Python video download and synthesis of sample code

Updated: April 16, 2022 08:57:54 Author: The Demon King does not cry
This article mainly introduces in detail how Python is to achieve video download and synthesis, the implementation of the steps explained in detail, interested partners quickly follow Xiaobian to learn it

Module usage

requests >>> pip install requests (Data Request third party module)

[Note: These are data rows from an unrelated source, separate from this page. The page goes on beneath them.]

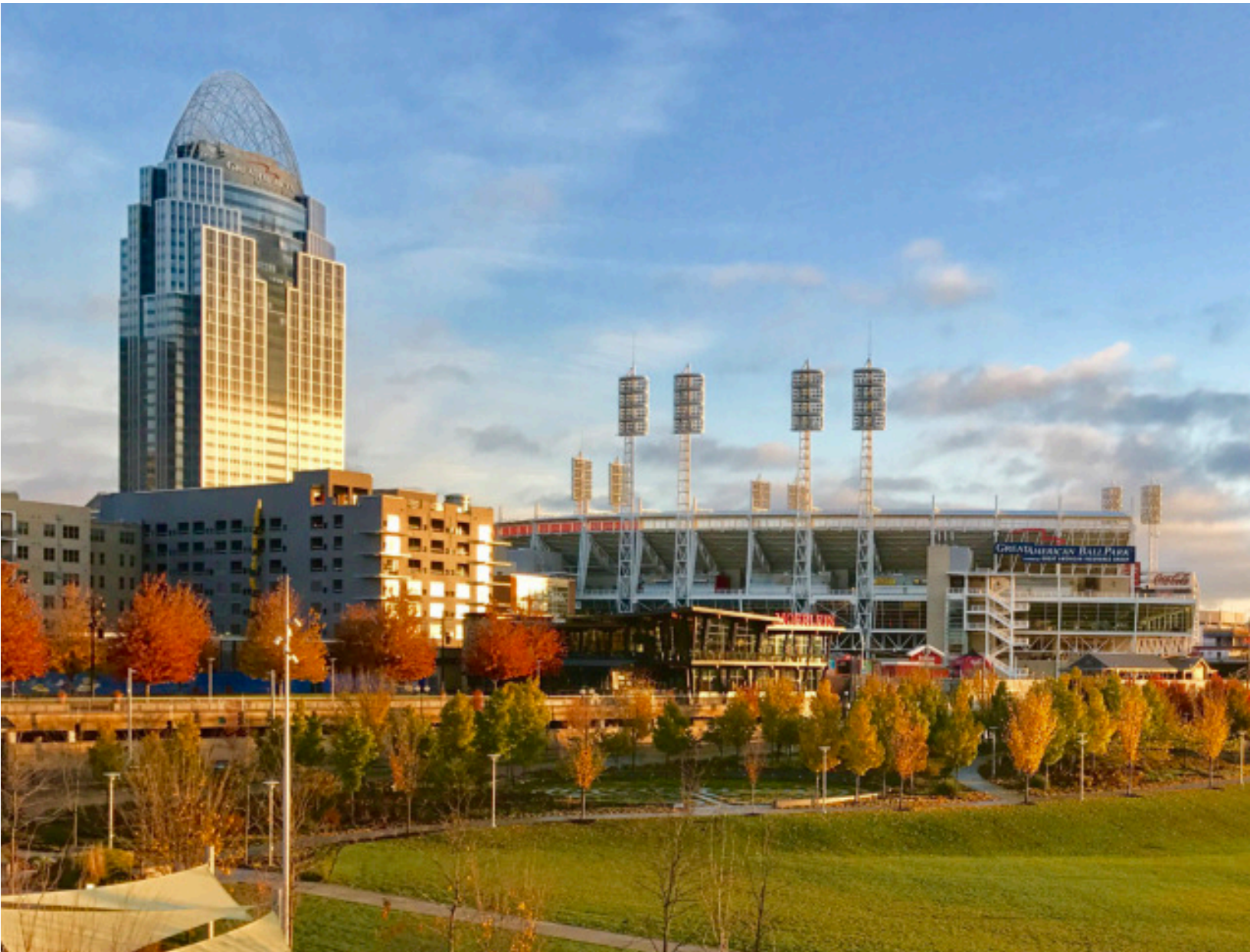
Great American Insurance Group Tower overlooks Great American Ball Park, home of Cincinnati baseball.
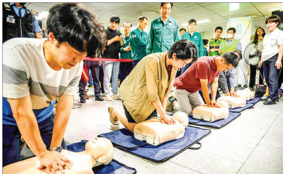
People receive CPR training, practicing on dummies, during a civil defence drill against possible attacks by North Korea, in an underground train station in Seoul on Wednesday.

"God has granted me a second life," the 15-year-old said. — AFP
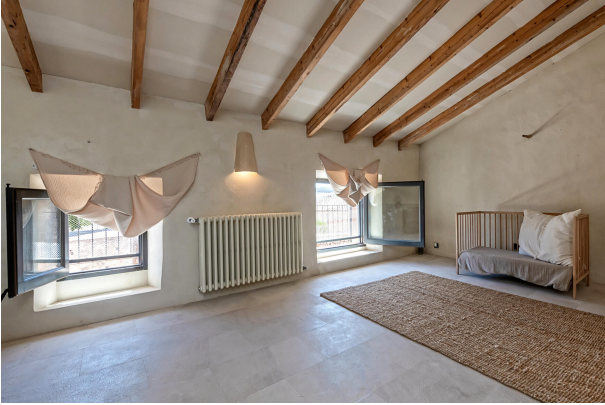
TV room (1st floor)
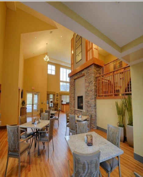
One of the dining areas
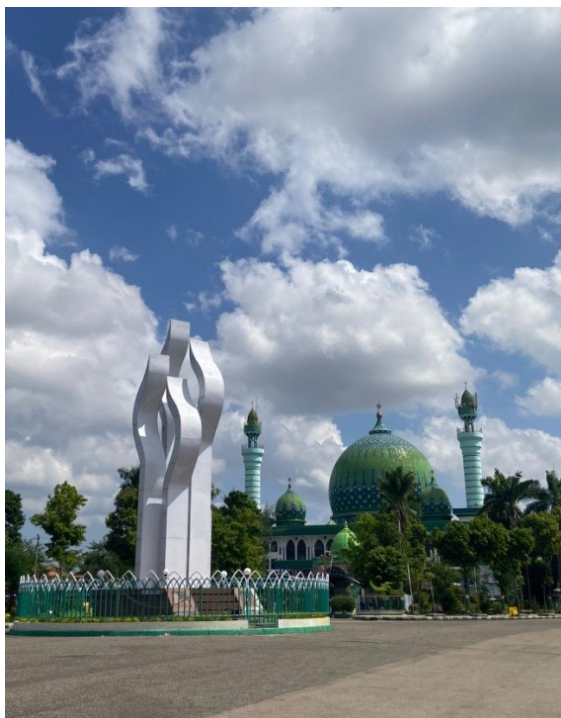
Figure 2. Pamekasan Grand Mosque

The existence of the mosque to mark movement the spread of Islam in Pamekasan. Actually This started since collapse kingdom Majapahit replaced by the kingdom Mataram. That was when the spread of Islam is increasing developing, including kingdoms under his power.
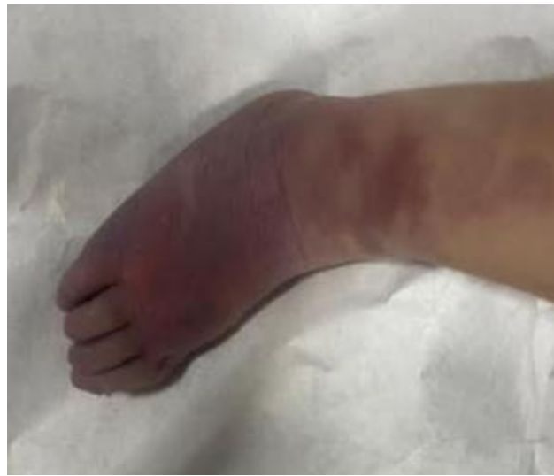
Fig-1: Picture of the right foot showing cyanosis
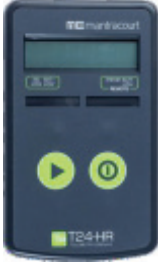
T24-HR Wireless display for connecting to multiple load cells
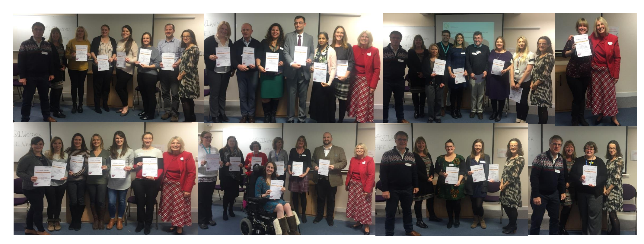
The eight Teams who successfully completed this Fellowship programme with their education providers

Some sound bites and photos from the day can be found on Twitter #QIWessex.
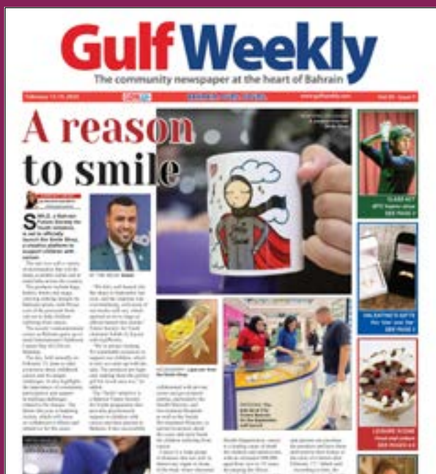
FEBRUARY: ISSUE 7 - To mark International Childhood Cancer Day, Smile, a Bahrain Future Society for Youth initiative, launched its Smile Shop, a creative platform to support children with cancer selling bags, bottles, books and mugs featuring striking designs by Bahraini artists, with 80 per cent of the proceeds from sale set to help children suffering from cancer.
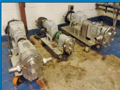
(6) Positive Displacement Pumps up to 3"
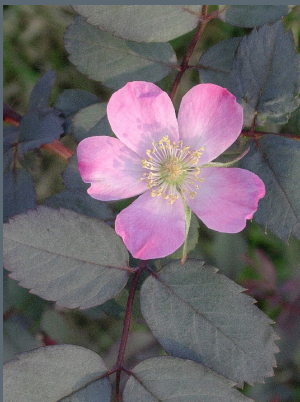
REDLEAF ROSE Rosa glauca Bloom Period: May to June
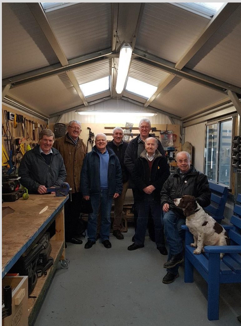
Members of Terenure Men's Shed

In 2018, the Department of Rural & Community Development provided a ring-fenced €500,000 Men's Shed Fund for sheds throughout Ireland.
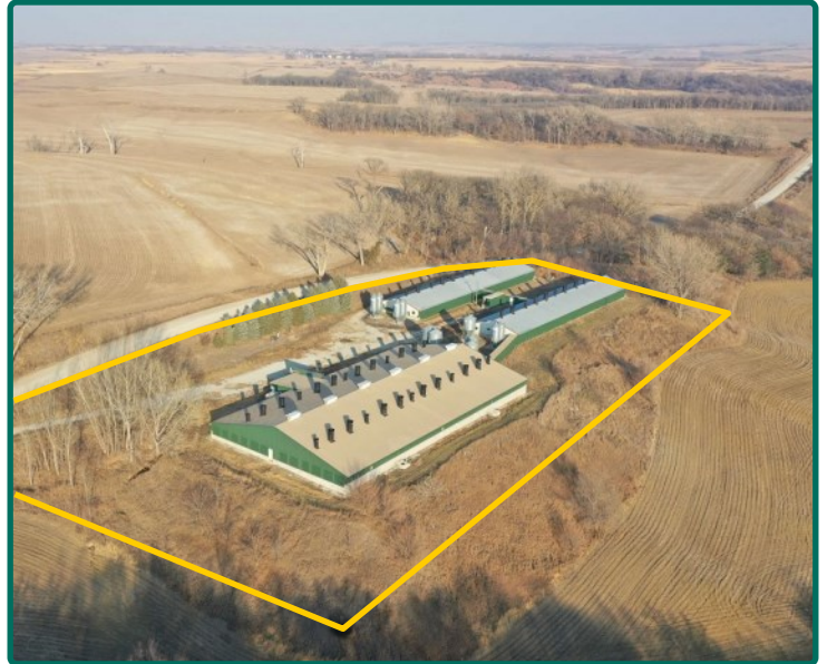
East Site - Looking Northeast
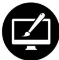
School of Design & Applied Arts
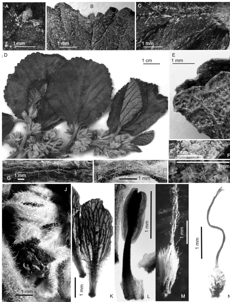
Fig. 3. Waltheria pyrolifolia . A-B, E , leaf apices. A , new, adaxial view; B , young, retuse apex, adaxial view. E , mature (view off-center, adaxial at top; abaxial below). C , young leaf base, adaxial view. D , branch. F, I , new leaf, abaxial view. G , stem. H , stipule. J , floral pair (open bud and flower) from above. K, L, N , permanent slides. K , adaxial petals. L , adaxial stamen. M , lower style and ovary, dry. N , pistil. From GH isotype, with permission from Gray Herbarium.

that used to stretch from Waihee to Waikapu" (about 16 km distance), "that includes the historical locality 'sand hills of Wailuku' is found in
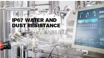
IP67 WATER AND DUST RESISTANCE
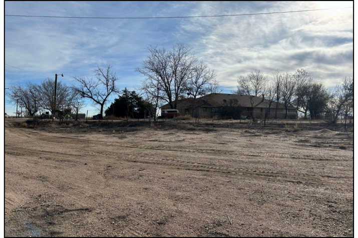
Photo 2 – Photo of existing vacant residence in north center of proposed permit area.
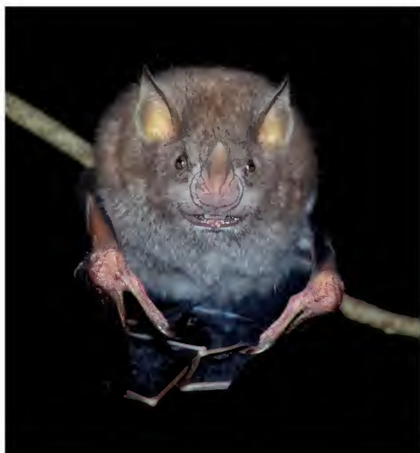
Figure 6. Photograph of a female Ardops nichollsi from the edge of the crater of The Quill on St. Eustatius. Note the large, complex nose-leaf, the white shoulder spot that is visible above the left wing, and the long, grayish pelage characteristic of this species.

Remarks. —Previously, Jones and Schwartz (1967) recognized five subspecies of Ardops nichollsi , where the subspecies montserratensis was comprised of individuals of Ardops nichollsi from Montserrat and St. Eustatius (Fig. 6). Subsequently, this subspecies was reported from Saba (Genoways et al. 2007a), St.
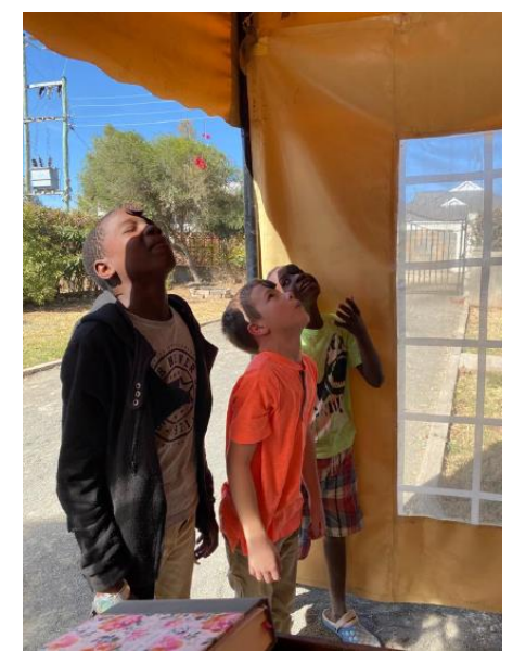
The boys playing the Oreo Game during kids' class
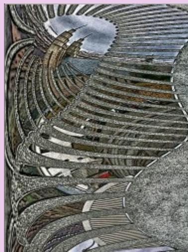
1st Place - Fenced In Paddy Ruske
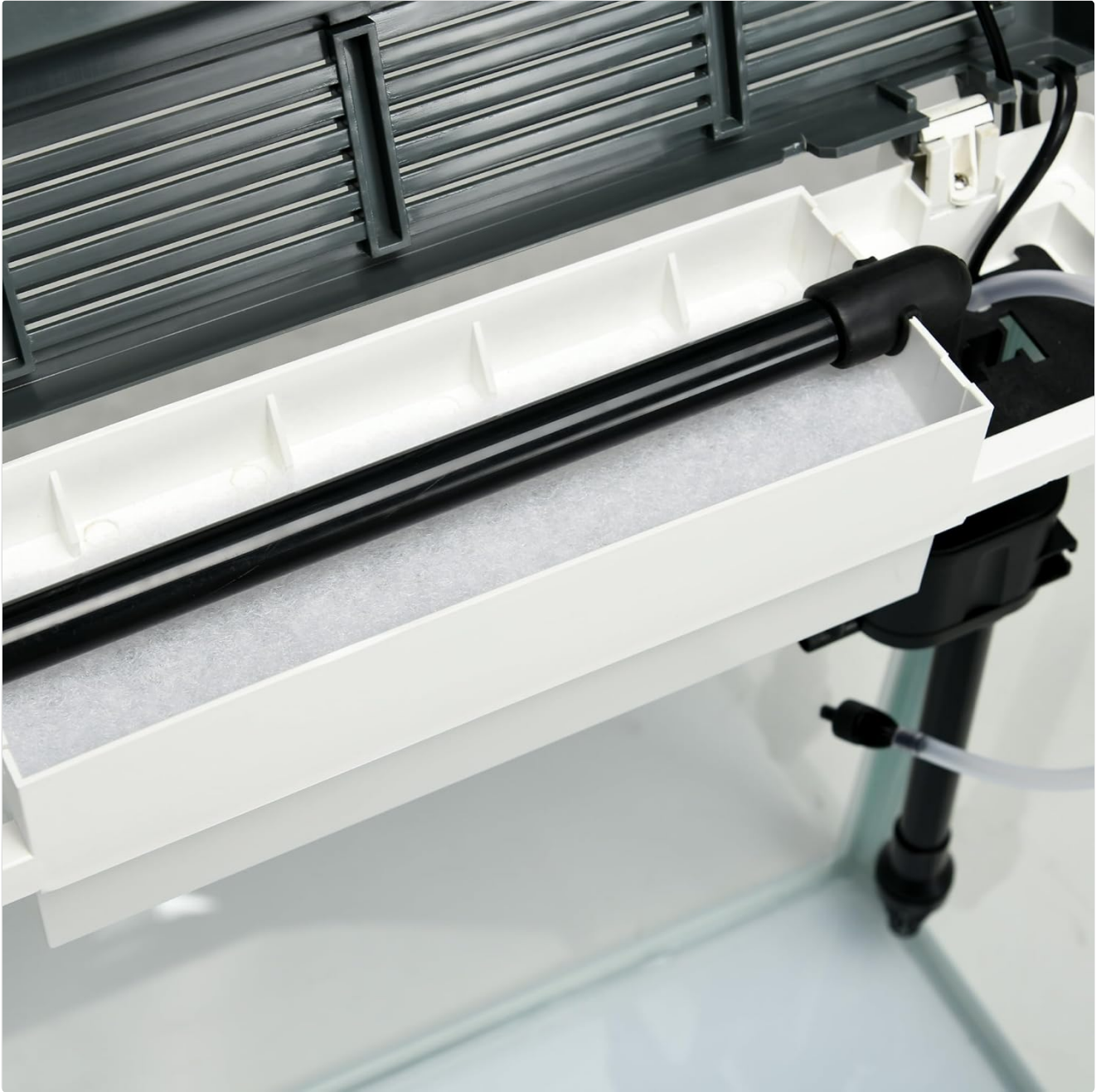
Image 6: Detailed view of the filter system within the lid, showing the placement of the filter cotton and the water circulation pipe.
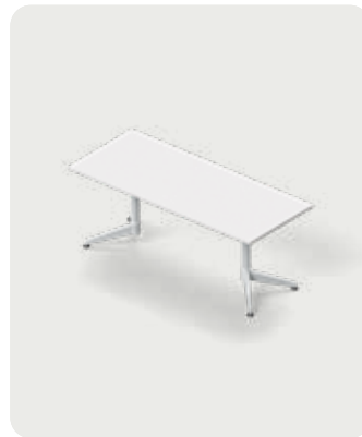
Arcade Meeting Rectangle Table 750D x 1200-1800W - Curated Frame

Depth 750mm Height 720mm Width 1200-1800mm
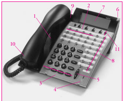
32 Button Display with 16 DSS/BLF One Touch Keys
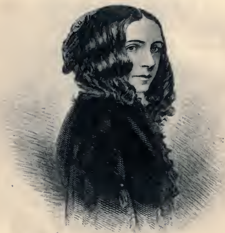
ELIZABETH BARRETT BROWNING.
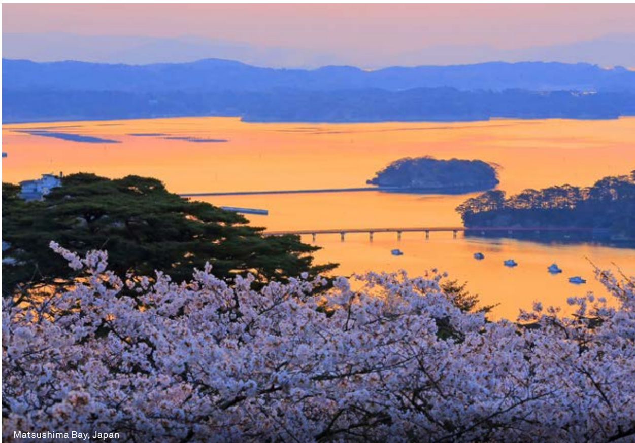
Matsushima Bay, Japan

re # regular expression to match the extracted data


Development environment

Python 3.8 interpreter

Pycharm 2021.2 version recommendation

win + R Enter cmd Enter the installation command pip install module name If the red number is displayed, it may be because the network connection times out to switch the domestic image source

Case realization

1. Define your needs

Collect content, first analyze a video from where to get

Through the developer tools for packet analysis, analysis of video data can be obtained from where the content format m3u8 video content

When the video format of our website was m3u8, there was a file dedicated to all ts video clips

2. Code implementation steps

  • Send request
  • Get data
  • Analytic data
  • Save data

1. Send a request for the url of the video playing page

2. Obtain the data and obtain the response response data returned by the server

3. Analyze the data and extract the data content we want, video title and m3u8 link

4. Send a request. Send a request for the m3u8 link

5. Obtain the data and obtain the response response data returned by the server

6. Parse the data and extract all ts file urls [video clip]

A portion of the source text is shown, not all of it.